Interpolation using polynomials - Numerical Analysis

#%config InlineBackend.figure_format = 'svg'
from pylab import *
from scipy.interpolate import barycentric_interpolate

Polynomials are easy to evluate since they require only basic arithmetic operations: $-,+,\div$ . They can provide a good approximation to continuous functions as shown by Weirstrass Theorem.

6.2.1Interpolation using monomials¶

Given $N+1$ data

(x_i, y_i), \quad i=0,1,\ldots,N \qquad \textrm{with} \qquad y_i = f(x_i)

(1)

we can try to find a polynomial of degree $N$

p(x) = a_0 + a_1 x + \ldots + a_N x^N

(2)

that satisfies the interpolation conditions

p(x_i) = y_i, \qquad i=0,1,\ldots, N

(3)

This is a linear system of $N+1$ equations that can be written in matrix form

\underbrace{\begin{bmatrix} 1 & x_0 & x_0^2 & \ldots & x_0^N \\ 1 & x_1 & x_1^2 & \ldots & x_1^N \\ \vdots & \vdots & \ldots & \vdots \\ 1 & x_N & x_N^2 & \ldots & x_N^N \end{bmatrix}}_{V} \begin{bmatrix} a_0 \\ a_1 \\ \vdots \\ a_N \end{bmatrix} = \begin{bmatrix} y_0 \\ y_1 \\ \vdots \\ y_N \end{bmatrix}

(4)

This has a unique solution if the Vandermonde matrix $V$ is non-singular. Since

\det V = \prod_{j=0}^N \prod_{k=j+1}^N (x_k - x_j)

(5)

we can solve the problem provided the points $\{ x_i \}$ are distinct.

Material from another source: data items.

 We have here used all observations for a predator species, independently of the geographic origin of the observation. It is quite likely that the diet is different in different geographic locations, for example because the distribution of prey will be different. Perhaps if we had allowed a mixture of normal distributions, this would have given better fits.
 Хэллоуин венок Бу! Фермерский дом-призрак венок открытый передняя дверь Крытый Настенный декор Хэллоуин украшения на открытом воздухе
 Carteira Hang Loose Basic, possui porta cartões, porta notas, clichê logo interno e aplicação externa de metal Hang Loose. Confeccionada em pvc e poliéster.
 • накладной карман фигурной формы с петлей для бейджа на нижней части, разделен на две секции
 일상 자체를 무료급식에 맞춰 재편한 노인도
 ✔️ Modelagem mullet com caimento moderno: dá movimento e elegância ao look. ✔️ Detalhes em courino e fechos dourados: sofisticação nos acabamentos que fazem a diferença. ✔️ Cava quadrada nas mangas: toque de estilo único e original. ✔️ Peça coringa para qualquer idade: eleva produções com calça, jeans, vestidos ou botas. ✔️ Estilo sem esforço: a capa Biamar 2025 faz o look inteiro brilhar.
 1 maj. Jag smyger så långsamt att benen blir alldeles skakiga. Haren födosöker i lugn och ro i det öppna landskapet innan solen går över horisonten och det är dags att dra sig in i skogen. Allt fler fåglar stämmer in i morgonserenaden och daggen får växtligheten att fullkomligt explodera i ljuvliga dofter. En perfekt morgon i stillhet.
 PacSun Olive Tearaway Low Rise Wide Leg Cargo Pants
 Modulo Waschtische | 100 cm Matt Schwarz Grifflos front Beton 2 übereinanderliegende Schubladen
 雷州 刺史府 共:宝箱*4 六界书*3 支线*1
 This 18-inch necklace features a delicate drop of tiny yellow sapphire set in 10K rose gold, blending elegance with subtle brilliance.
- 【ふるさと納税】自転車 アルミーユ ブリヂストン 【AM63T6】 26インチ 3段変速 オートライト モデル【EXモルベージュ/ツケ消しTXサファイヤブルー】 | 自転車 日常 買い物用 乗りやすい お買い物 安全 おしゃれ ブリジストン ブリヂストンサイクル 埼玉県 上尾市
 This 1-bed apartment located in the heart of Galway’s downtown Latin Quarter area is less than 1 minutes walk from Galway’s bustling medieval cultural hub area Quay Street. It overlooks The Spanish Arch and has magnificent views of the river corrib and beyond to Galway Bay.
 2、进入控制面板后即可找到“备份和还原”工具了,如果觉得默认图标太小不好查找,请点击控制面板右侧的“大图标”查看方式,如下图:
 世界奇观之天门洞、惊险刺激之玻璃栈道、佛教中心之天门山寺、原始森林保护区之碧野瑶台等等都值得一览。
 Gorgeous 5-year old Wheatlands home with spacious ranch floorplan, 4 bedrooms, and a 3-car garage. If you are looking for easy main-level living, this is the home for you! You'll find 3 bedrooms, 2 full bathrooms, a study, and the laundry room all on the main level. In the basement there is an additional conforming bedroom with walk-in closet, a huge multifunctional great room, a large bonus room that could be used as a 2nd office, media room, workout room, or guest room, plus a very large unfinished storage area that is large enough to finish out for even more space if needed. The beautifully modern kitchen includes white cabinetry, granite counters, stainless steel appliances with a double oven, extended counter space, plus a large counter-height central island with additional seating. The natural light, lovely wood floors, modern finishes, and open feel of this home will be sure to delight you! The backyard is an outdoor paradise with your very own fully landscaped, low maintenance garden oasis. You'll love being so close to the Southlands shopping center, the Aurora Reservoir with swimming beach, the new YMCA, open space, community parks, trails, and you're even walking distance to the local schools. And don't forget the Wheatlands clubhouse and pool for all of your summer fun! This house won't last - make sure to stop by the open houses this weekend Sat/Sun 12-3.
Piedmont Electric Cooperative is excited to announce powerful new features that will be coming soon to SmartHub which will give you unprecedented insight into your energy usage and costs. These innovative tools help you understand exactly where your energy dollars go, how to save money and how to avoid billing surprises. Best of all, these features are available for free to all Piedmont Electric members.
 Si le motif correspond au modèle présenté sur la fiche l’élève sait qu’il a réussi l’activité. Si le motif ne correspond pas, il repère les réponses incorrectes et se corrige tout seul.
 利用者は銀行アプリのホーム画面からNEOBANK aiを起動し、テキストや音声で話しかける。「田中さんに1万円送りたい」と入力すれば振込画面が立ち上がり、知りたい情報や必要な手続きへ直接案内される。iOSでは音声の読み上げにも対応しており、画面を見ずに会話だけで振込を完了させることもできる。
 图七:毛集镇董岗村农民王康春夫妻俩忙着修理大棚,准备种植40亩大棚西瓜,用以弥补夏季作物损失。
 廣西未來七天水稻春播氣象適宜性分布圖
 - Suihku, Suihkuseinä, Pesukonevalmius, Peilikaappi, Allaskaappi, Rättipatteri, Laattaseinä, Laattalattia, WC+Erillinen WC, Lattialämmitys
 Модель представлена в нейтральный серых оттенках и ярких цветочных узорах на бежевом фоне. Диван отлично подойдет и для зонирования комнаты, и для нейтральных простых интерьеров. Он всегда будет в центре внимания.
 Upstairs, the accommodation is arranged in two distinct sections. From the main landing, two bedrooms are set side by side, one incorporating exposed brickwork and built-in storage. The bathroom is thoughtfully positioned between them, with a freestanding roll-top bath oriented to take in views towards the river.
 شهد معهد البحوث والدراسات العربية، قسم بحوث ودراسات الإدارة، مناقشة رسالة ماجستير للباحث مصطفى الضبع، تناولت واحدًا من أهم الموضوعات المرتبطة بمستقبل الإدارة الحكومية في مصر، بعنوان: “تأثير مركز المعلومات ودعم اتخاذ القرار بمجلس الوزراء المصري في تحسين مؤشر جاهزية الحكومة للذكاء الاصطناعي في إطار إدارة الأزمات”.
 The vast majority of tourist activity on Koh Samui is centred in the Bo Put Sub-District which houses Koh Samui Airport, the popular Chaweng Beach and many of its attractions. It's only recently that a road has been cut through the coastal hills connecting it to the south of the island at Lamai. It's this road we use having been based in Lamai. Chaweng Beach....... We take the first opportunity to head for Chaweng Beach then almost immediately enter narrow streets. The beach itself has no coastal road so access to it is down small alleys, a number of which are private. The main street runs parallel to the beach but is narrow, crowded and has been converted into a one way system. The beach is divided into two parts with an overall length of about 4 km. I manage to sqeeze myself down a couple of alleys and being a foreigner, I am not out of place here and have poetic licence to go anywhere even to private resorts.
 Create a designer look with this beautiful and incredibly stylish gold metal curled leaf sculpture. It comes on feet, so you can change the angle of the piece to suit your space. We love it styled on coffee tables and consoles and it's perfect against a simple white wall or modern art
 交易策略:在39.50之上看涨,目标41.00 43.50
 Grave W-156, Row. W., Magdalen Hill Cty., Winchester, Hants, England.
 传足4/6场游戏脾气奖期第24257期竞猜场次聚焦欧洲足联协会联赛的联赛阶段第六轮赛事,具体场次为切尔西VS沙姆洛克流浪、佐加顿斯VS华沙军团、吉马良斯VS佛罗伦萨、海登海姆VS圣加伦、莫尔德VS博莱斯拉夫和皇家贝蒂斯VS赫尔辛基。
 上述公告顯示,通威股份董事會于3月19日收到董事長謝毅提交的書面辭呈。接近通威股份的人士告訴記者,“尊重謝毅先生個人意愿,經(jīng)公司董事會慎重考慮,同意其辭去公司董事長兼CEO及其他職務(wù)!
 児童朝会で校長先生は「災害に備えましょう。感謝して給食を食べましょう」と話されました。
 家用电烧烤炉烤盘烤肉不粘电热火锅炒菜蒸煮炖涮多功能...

$V$ is non-singular. We can show this without computing the determinant. Assume that the $\{ x_i \}$ are distinct. It is enough to show that the only solution of $Va=0$ is $a=0$ . Note that the set of $N+1$ equations $Va=0$ is of the form

p(x_i) = 0, \qquad i=0,1,\ldots,N

(6)

which implies that $p(x)$ has $N+1$ distinct roots. But since $p$ is a polynomial of degree $N$ , this implies that $p(x) \equiv 0$ and hence each $a_i = 0$ ; the matrix $V$ is non-singular.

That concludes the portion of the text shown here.